- Work request: All that is needed is an exact copy of the lines from the beginning of the data below through the line containing "Roman Opalka , Autoportraits", minus the pictures.

= = = =

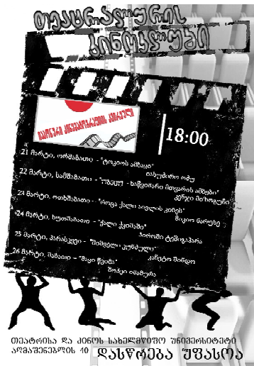
თეატრისა და კინოს სახელმწიფო უნივერსიტეტის არაპროფიტის 40 დასწრება უფასოა

საქართველოს შოთა რუსთაველის თეატრისა და კინოს სახელმწიფო უნივერსიტეტის აკადემიური საბჭოს დადგენილება
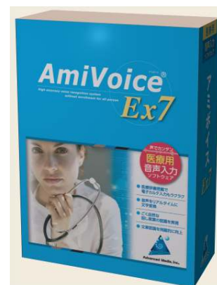
【パッケージイメージ】

製品に含まれるもの：ライセンス数：1ライセンス（1台のパソコンにインストール可能） 同梱物：インストールCD（1枚）・USBハンドマイク（1個）・マニュアル（1冊） 販売方法：代理店販売
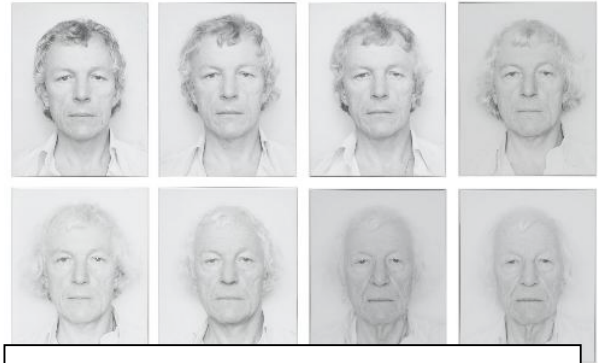
Roman Opalka , Autoportraits , 1965-infini, photographies N&B sur papier, 24x30,5 cm.

"... ce que je nomme mon autoportrait, est composé de milliers de jours de travail. Chacun d'eux correspond au nombre et au moment précis où je me suis arrêté de peindre après une séance de travail. "
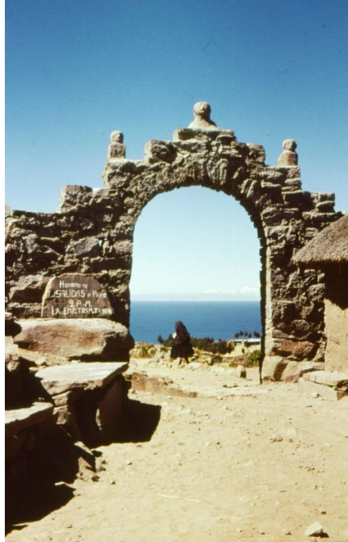
Foto 1. Portada de ingreso a la Isla Taquile en el Lago Titicaca, Puno, Perú.
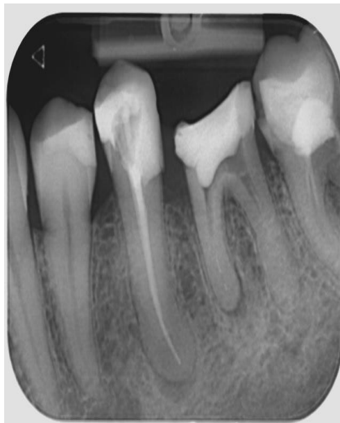
Slika 17. Rendgenska snimka zuba 35 nakon punjenja kanala
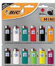
18914 ISQUEIRO BIC MINI LV12 PG11 | 1X50 UNID 70330659056
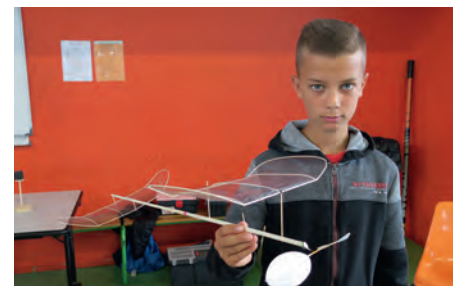
Il reste fort heureusement des jeunes qui apprécient la technicité et la précision du vol libre d'intérieur.
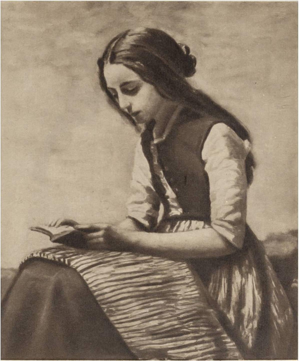
Lesendes Mädchen, von Camille Corot, Paris, 1796-1875. (Privatbesitz Winterthur.)
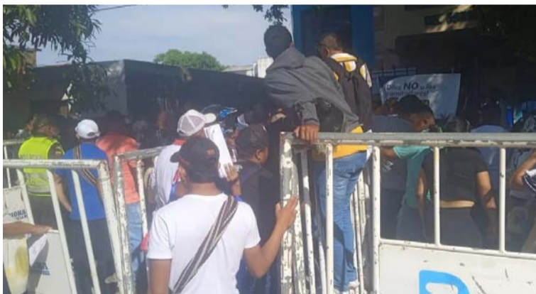
Se estima que 4.974 ciudadanos estarán habilitados para votar en estas elecciones.

Finalmente, se destaca que, una vez se publique el censo electoral de estos comicios, los ciudadanos podrán consultar su lugar de votación en la página web de la Registraduría Nacional del Estado Civil, www.registraduria.gov.co .
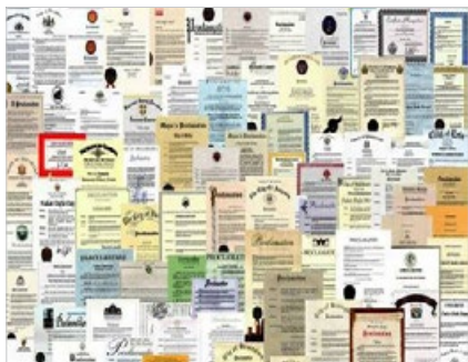
法轮大法福益世界，获得各国政府褒奖、支持议案和信函 3500 多份。
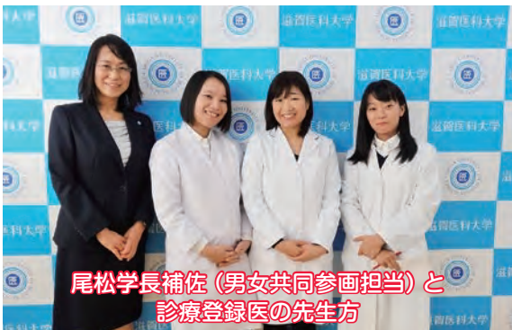
尾松学長補佐(男女共同参画担当)と診療登録医の先生方

早速、夕方のニュース等に取り上げていただき、本プログラムについて周知する機会となりました。
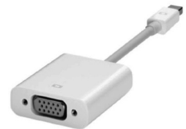
Mac 出力ケーブル 例
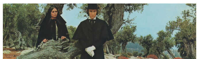
Jutzzenka. Un invierno en Mallorca (1969)

Ruta 2. Raixa, Cala Fornells, Formentor.
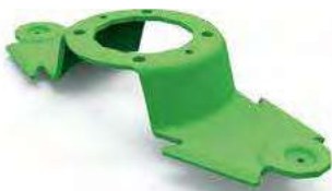
Merkezi Bıçak Tutucu

Bıçak tablasının detaylıca temizlenmesini sağlar. Yüksek kaliteli sertleştirilmiş çelikten yapılmıştır. 360 derecelik dönüş hızlı ve kolay değişim
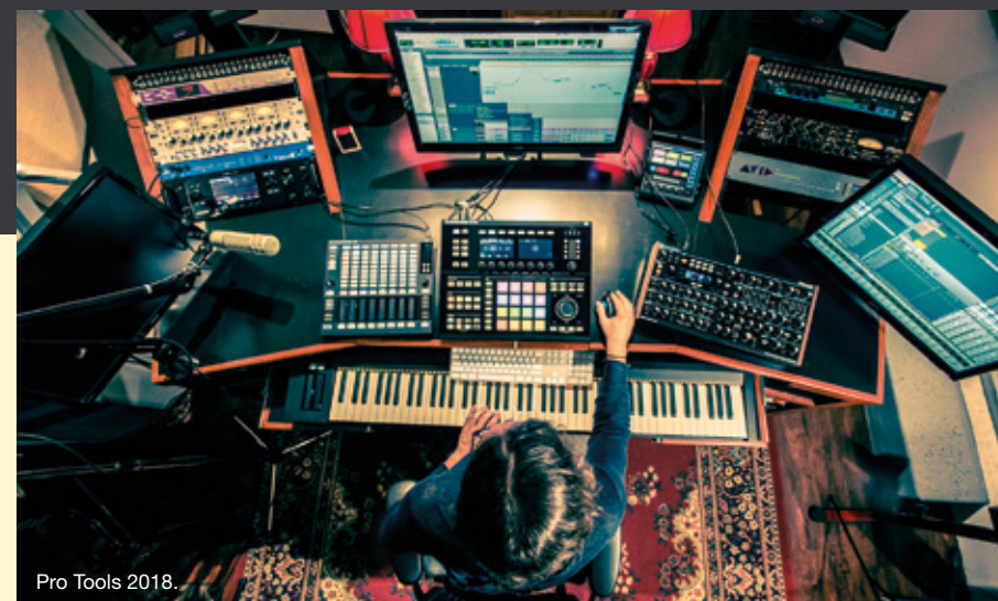
Pro Tools 2018.

Tuoteperheen kolmesta versiosta WL-20 -perusmalli simuloi soinniltaan kolmimetristä kitarakaapelia tuottamalla kapasitatiivisen
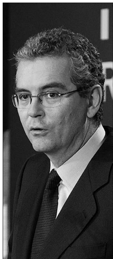
Pablo Isla, presidente de Inditex.
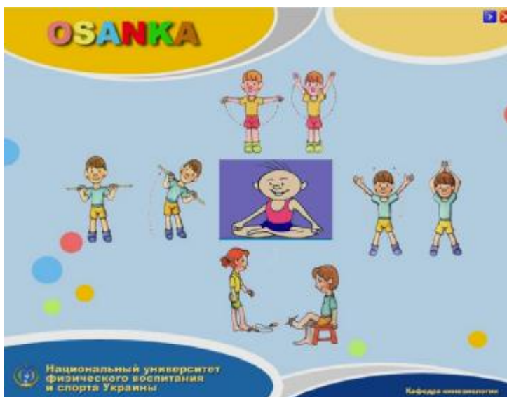
Рис. 1. Главное окно программы "Osanka" (распечатка с экрана компьютера)

На панели рабочего окна расположены следующие вкладки:
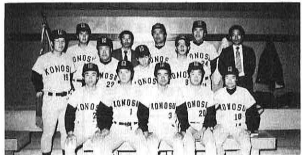
躍が期待されます。 ▶鴻ノ巣クラブの選手

同クラブは、六月二日から鳥取県で開かれる、西日本大会に向け、毎日練習に励んでいます。
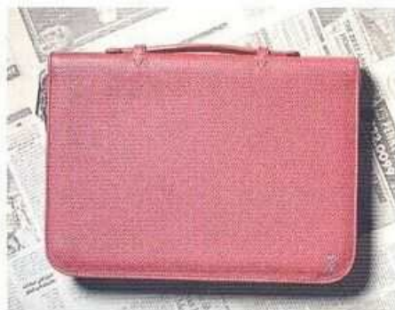
Патка для компьютера, SUTOR MANTELLASSI
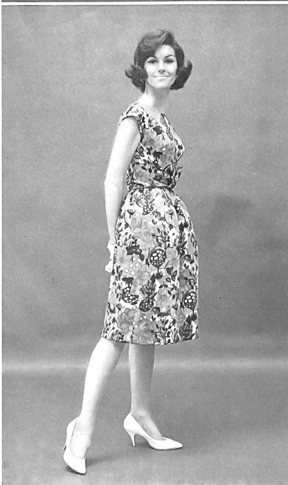
3 METTLER & CIE S. A., SAINT-GALL Impression multicolore sur coton à côtes Multicolored print on ribbed cotton fabric Modèle Adele Simpson, Inc., New York
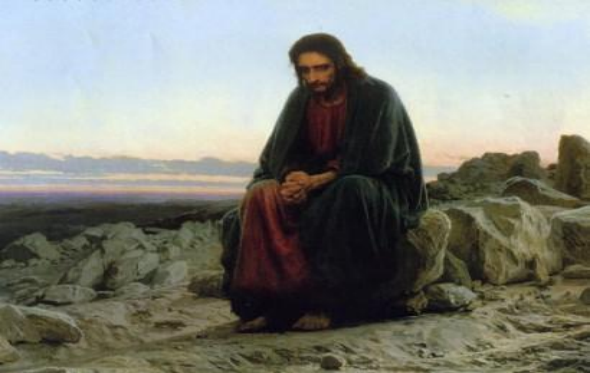
Иван Крамской «Христос в пустыне»
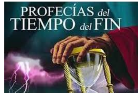
El rey del norte destruirá en sus propios territorios al rey del sur y los demás países musulmanes y árabes, tanto del nor-oeste africano como del Medio Oriente, los del Asia Menor

Vs.41: - "Entrará en la tierra gloriosa, y muchas provincias caerán; pero escaparán de sus manos Edom, Moab y la mayoría de los hijos de Amón".
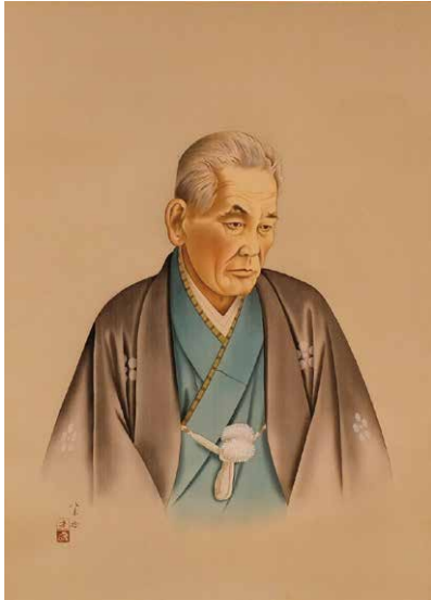
好永紫芳 伊佐庭如矢像

展示ではこれを記念し、伝承と史実が交錯しつつ形作られてきた道後温泉のイメージを多様な資料でたどるとともに、愛媛における文化の一大集積地ともいえる「道後」という地域で展開した独自の文化芸術の諸相に目を向けます。道後にまつわる伝承や歴史的経緯を示す資料、保存修理工事に愛媛県美術館が協力した美術品調査によって見出された、道後温泉本館伝来の品々などを紹介します。
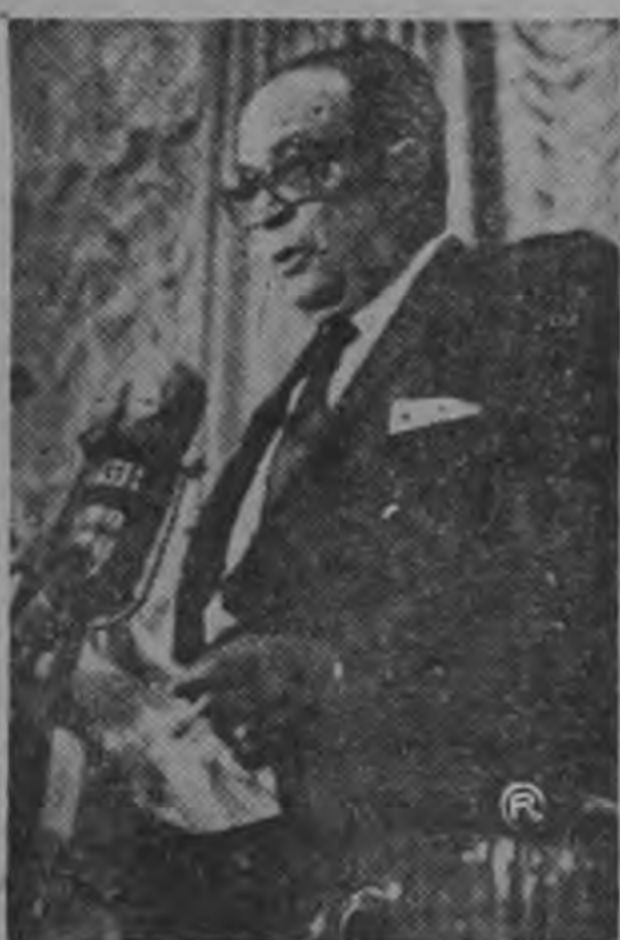
MIRO CARDONA...sorpresivamente fue a Guatemala...

GUATEMALA, 8. AP— José Miró Cardona, jefe del Consejo Revolucionario Cubano, se entrevistó ayer con el presidente Miguel Ydígoras y con el canciller Jesús Uda Murillo, según informó El Imparcial, basando la noticia en fuentes oficiales.
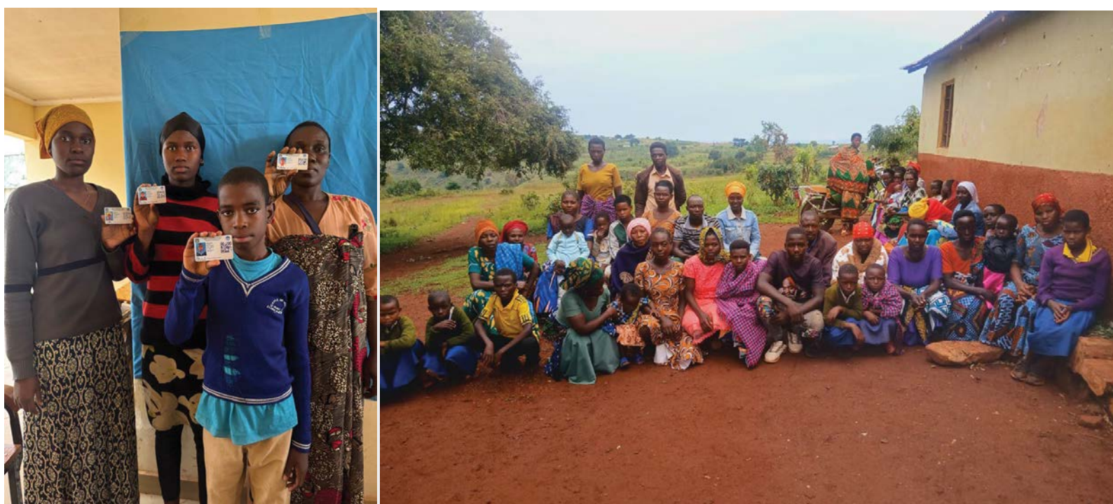
Wakazi wa Kijiji cha Nyakatale wilayani Kyerwa, Kagera wakionesha kadi za matibabu walizopewa kupitia mpango wa Bima ya Afya kwa Wote kwa Kaya zisizo na uwezo
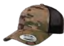
MULTICAM®*/NOIR Aucun PMS/Black 6C

= = = =

- Exercise answer:
თეატრისა და კინოს სახელმწიფო უნივერსიტეტის არაპროფიტის 40 დასწრება უფასოა

საქართველოს შოთა რუსთაველის თეატრისა და კინოს სახელმწიფო უნივერსიტეტის აკადემიური საბჭოს დადგენილება
【パッケージイメージ】

製品に含まれるもの：ライセンス数：1ライセンス（1台のパソコンにインストール可能） 同梱物：インストールCD（1枚）・USBハンドマイク（1個）・マニュアル（1冊） 販売方法：代理店販売
Roman Opalka , Autoportraits , 1965-infini, photographies N&B sur papier, 24x30,5 cm.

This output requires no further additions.